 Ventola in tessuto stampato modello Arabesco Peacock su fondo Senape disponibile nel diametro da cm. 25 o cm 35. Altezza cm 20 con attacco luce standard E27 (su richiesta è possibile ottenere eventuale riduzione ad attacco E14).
__________________________________________________
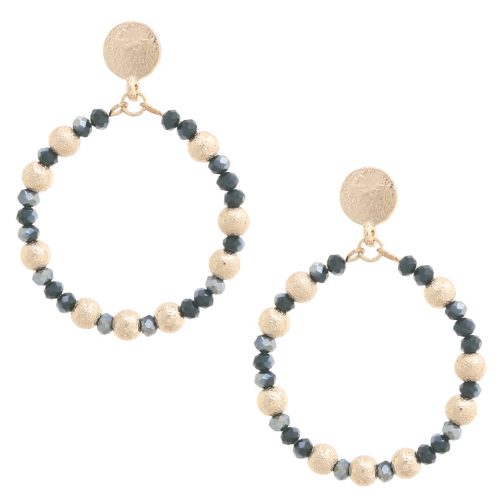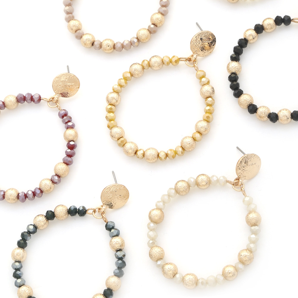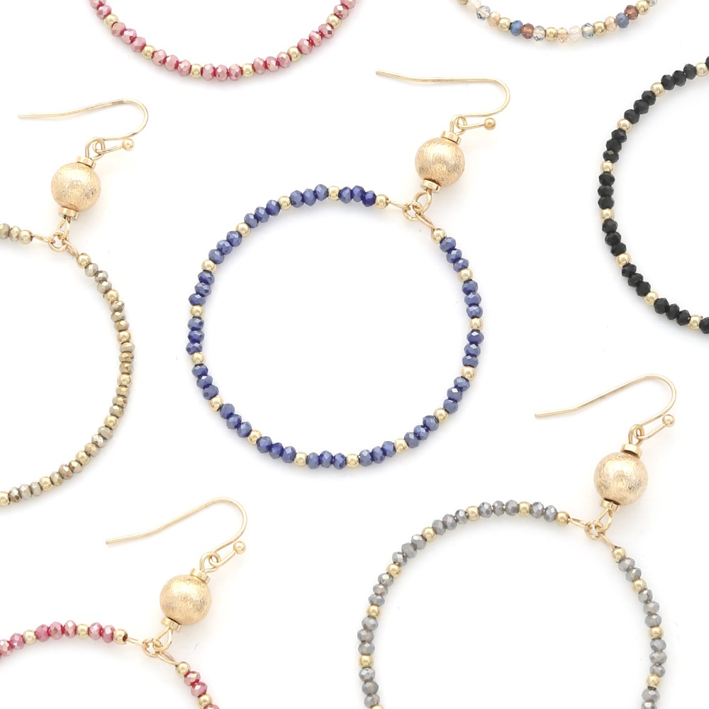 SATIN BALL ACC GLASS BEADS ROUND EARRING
__________________________________________________
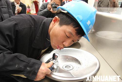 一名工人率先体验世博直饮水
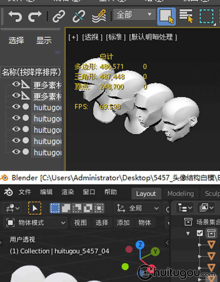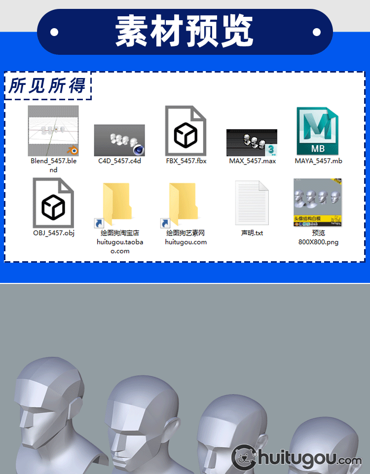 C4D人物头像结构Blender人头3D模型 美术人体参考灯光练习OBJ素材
__________________________________________________
### Exercise aim
Would you output only the span of the records above that opens with the line containing "一名工人率先体验世博直饮水" and closes with the line containing "C4D人物头像结构Blender人头3D模型 美术人体参考灯光练习OBJ素材", ends included and pictures dropped?

### Output of the task
 一名工人率先体验世博直饮水
 C4D人物头像结构Blender人头3D模型 美术人体参考灯光练习OBJ素材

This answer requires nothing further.